There are several ways to approach this. I am gonna offer a couple of ideas. The first idea is probably most closely aligned with what you are describing/showing in your own code.

Approach 1: most similar to your code:

decks = {}
i = 0
for deck in range(6):
    for suit in ['clubs', 'diamond', 'hearts', 'spades']:
        for card in range(1, 14):
            i += 1
            print(f"card_{i} = tuple(color = {suit}, num = {card})")


card_1 = tuple(color = clubs, num = 1)
card_2 = tuple(color = clubs, num = 2)
...
card_12 = tuple(color = clubs, num = 12)
card_13 = tuple(color = clubs, num = 13)
card_14 = tuple(color = diamond, num = 1)
card_15 = tuple(color = diamond, num = 2)

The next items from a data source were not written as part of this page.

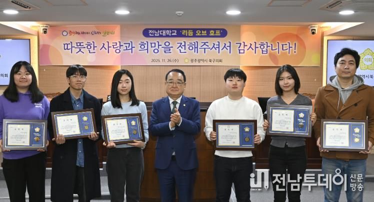 전남투데이 김경민 기자 | 광주 북구의회가 26일 본회의장에서 전남대학교 봉사동아리 ‘리듬오브호프’ 회원 6명에게 의장 표창을 수여했다.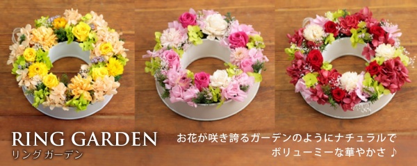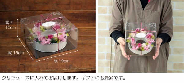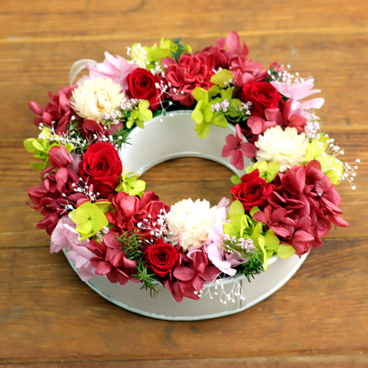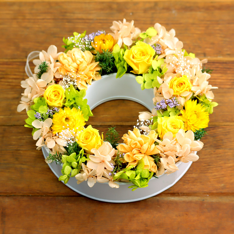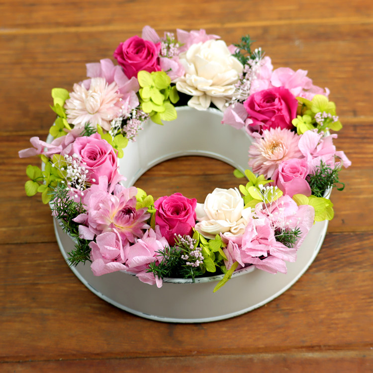 | 説明 | リング型のブリキに、お花が咲き誇るガーデンのようにナチュラル&ボリューミーに詰め込みました。 アレンジメントとしてだけではなく、壁にかければリースとしても使えます。ケース付きです。 |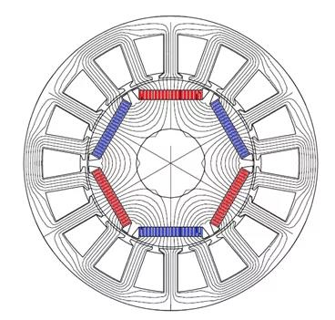磁力線由電機(jī)轉(zhuǎn)子上的磁鐵部分產(chǎn)生,經(jīng)由導(dǎo)磁材料的傳導(dǎo)至定子部分,與定子上的電能線圈進(jìn)行正交作用產(chǎn)生轉(zhuǎn)矩,為電機(jī)轉(zhuǎn)動(dòng)力量的來(lái)源。但導(dǎo)磁材料能容許的磁通密度有限,目前能容納多的磁力通過(guò)的材質(zhì)即為矽鋼片,也是目前電機(jī)中常使用的導(dǎo)磁材料。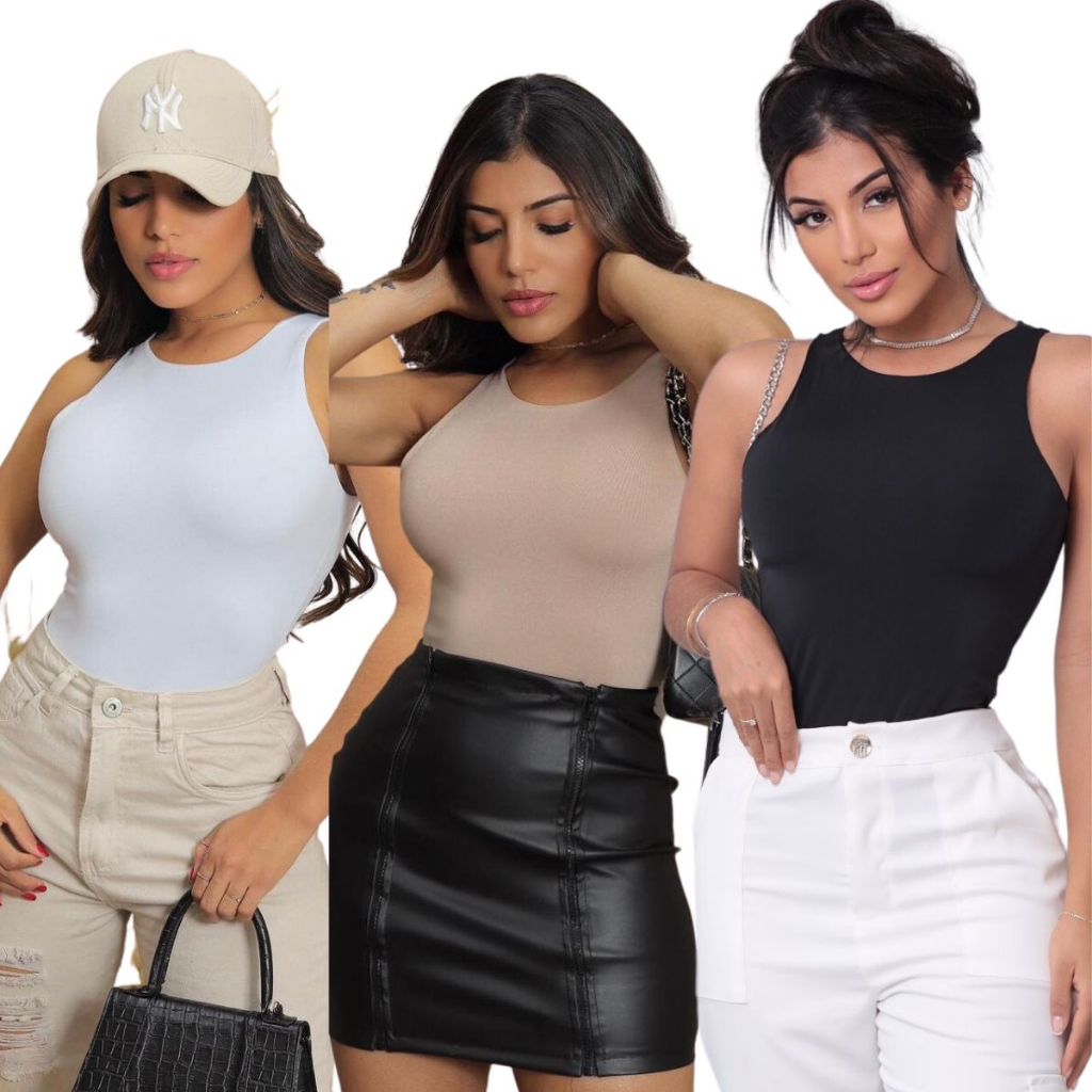 Kit 3 Body Suplex Feminino Regata Lisa Blusinha Básica Forro Duplo Bory Alça

Approach 2: uses itertools.product() to remove a for loop:

A potentially better approach that removes one layer of the nested for loops is to use the itertools.product() function.

from itertools import product

i = 0
for deck in range(6):
    for suit, num in product(['clubs', 'diamond', 'hearts', 'spades'], range(1,14)):
        i += 1
        print(f"card_{i} = tuple(color = {suit}, num = {num})")

Approach 3: Better storage of the results

Having said all of that, it is not clear to me whether you want real tuples stored in memory OR if you simply want to print something that looks like a tuple to the screen. Storing the data in a dictionary datatype would allow you to use that data later, if need be. Presuming that you want real tuples, the following code will store all the results of your work in some form of datatype, like a dictionary of tuples.

NOTE: tuples don't really store date using named arguments as you have shown above, they are more like lists where elements are simply stored in them, so below in the code, you will see us storing the element without any sort of named arguments:

tuple(suit, num) instead of tuple(color=suit, num=num)

Let's see how this works out.

from itertools import product

i = 0
decks = {}
for deck in range(6):
    for suit, num in product(['clubs', 'diamond', 'hearts', 'spades'], range(1,14)):
        i += 1

        # NOTE: here we are storing the data in a dictionary
        # NOTE: tuples don't store items using named values
        decks[f"card_{i}"] = tuple((suit, num))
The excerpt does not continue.